Рейтинг@Mail.ru
25-й кадр / Animaniacs / Брижит Бардо говорит по-японски
Автор: Константин БольшаковДата: 16.03.2017 10:38
Разместил: Константин Большаков
Комментарии: (0)
По правде сказать, сложно себе представить что-нибудь более традиционное и заштампованное, чем японская анимация. Так об этом любят рассуждать зрители, встретившие очередной ярлычок с заветной надписью «Мэйд ин джапен». Большеглазые школьницы, катаны, отсеченные щупальца бесформенного космического монстра и гигантские роботы, совершающие свою энную трансформацию под развесёленькую j-pop композицию.

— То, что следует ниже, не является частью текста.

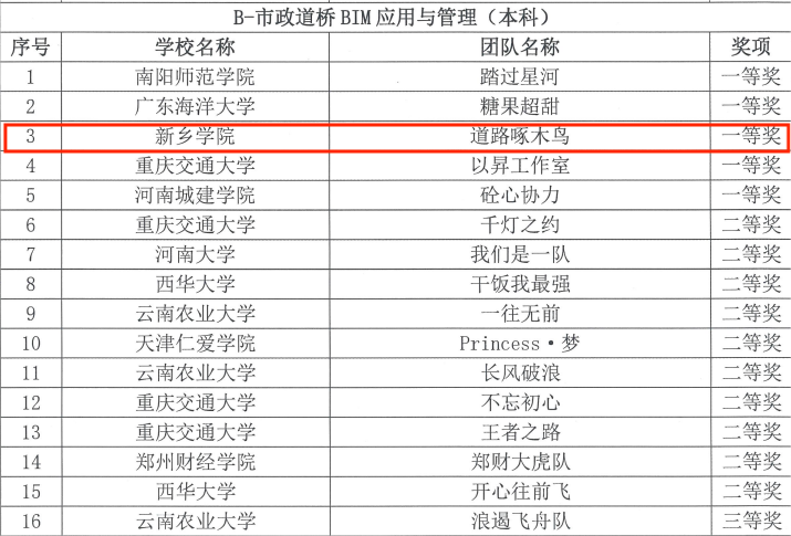 2023“鲁班杯”全国高校BIM毕业设计作品大赛成绩公布,由betway西汉姆联官网史纪村、陈凡老师指导,学生张珍珍、孔昱雯、赵艳北、唐文强、马璐彦组成的道路啄木鸟队首次在B-市政道桥BIM应用与管理(本科)模块荣获一等奖。

Истоки таких представлений об анимационном искусстве страны Восходящего Солнца достаточно банальны. Основное знакомство с японской мультипликацией приходилось на те года, когда ТВ-каналы закупали продукцию, опираясь в первую очередь на цену, а не качество. Попробуй разобрать в этом потоке жемчужинки от студии «Гибли». Что уж говорить о независимой японской анимации, стоявшей особняком даже у себя на родине. Ёдзи Кури, Кихатиро Кавамото, Коджи Ямамура – творцы, экспериментаторы, и, увы, одиночки. Впрочем, и студии порой брались за рискованные проекты. Например «Mushi Production» известна в первую очередь эротической трилогией «Animerama». И даже в таком эпатажном проекте заключительная часть «Печальная Белладонна» произвела эффект разорвавшейся бомбы. Настолько далеко это кино было от привычного понимания анимационного фильма.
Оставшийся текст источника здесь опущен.